Jauhal April A, Newcomb Richard D
School of Biological Sciences, University of Auckland, Auckland, New Zealand.
The New Zealand Institute for Plant & Food Research, Auckland, New Zealand.
Mol Ecol Resour. 2021 Jul;21(5):1416-1421. doi: 10.1111/1755-0998.13364. Epub 2021 Mar 9.
With the ever-increasing number of publicly available eukaryotic genome assemblies and user-friendly bioinformatics tools, there are increasing opportunities for researchers to use genomic resources in their research. While there are multiple dimensions to genome quality, it is often reduced to a single score that may not be correlated with other metrics, or appropriate for all applications of an assembly. To assess whether the commonly reported N50 value could reliably predict a separate dimension of genome quality, gene space completeness, we performed a meta-analysis of 611 published articles on eukaryotic genomes that used BUSCO scores, in addition to the typical N50 score. We found that although assemblies with relatively high contig and scaffold N50 values consistently had high BUSCO scores, a high BUSCO score could also be obtained from assemblies with a low N50. This reinforces that despite its ubiquity, N50 is not a perfect proxy for all measures of genome accuracy. Our data also suggests that variations in BUSCO scores among assemblies with poor N50 scores may be related to the number of introns in conserved eukaryotic genes.
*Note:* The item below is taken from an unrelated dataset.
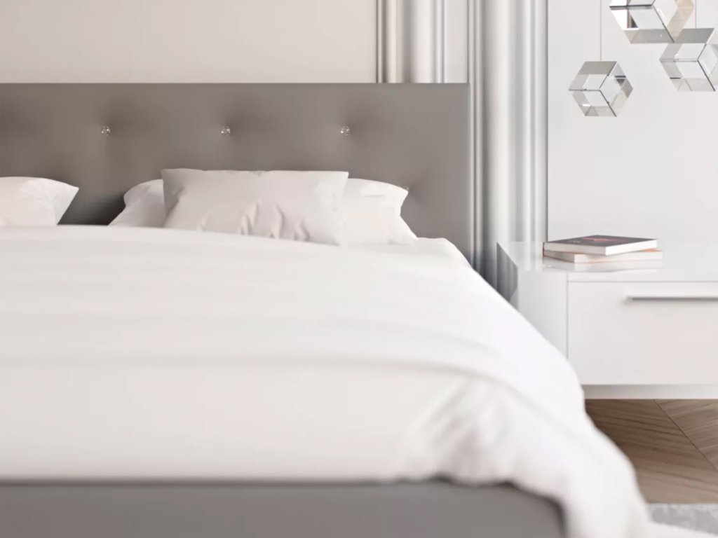 Jemné čalúnenie zamatovou látkou Trinity v elegantnej sivej farbe dodáva posteli luxusný vzhľad, pričom je zároveň veľmi príjemné na dotyk a vysoko odolné voči opotrebeniu a vyblednutiu.
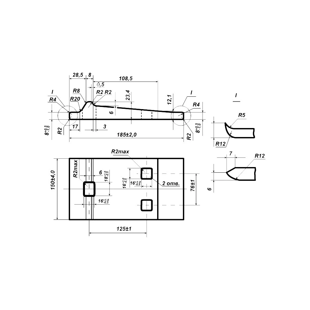 | Размеры отверстий, мм | 2 шт: 16 х 16; 1 шт: 16 х 18 |

We stress the importance of screening and evaluating assembly quality based on the appropriate tools and urge increased reporting of additional genome assessment metrics in addition to N50. We also discuss the potential limitations of BUSCO and suggest improvements for assessing gene space within genome assemblies.
随着公开可用的真核生物基因组组装数量不断增加以及生物信息学工具愈发用户友好,研究人员在其研究中使用基因组资源的机会也越来越多。虽然基因组质量有多个维度,但它常常被简化为一个单一分数,该分数可能与其他指标不相关,或者不适用于组装的所有应用。为了评估常用的N50值是否能够可靠地预测基因组质量的一个单独维度——基因空间完整性,我们对611篇已发表的关于真核生物基因组的文章进行了荟萃分析,这些文章除了使用典型的N50分数外,还使用了BUSCO分数。我们发现,尽管具有相对较高的重叠群和支架N50值的组装通常具有较高的BUSCO分数,但低N50值的组装也能获得较高的BUSCO分数。这进一步证明,尽管N50无处不在,但它并非基因组准确性所有衡量指标的完美替代。我们的数据还表明,N50分数较低的组装之间BUSCO分数的差异可能与保守真核基因中的内含子数量有关。我们强调基于适当工具筛选和评估组装质量的重要性,并敦促除了N50之外增加报告其他基因组评估指标。我们还讨论了BUSCO的潜在局限性,并提出了评估基因组组装内基因空间的改进方法。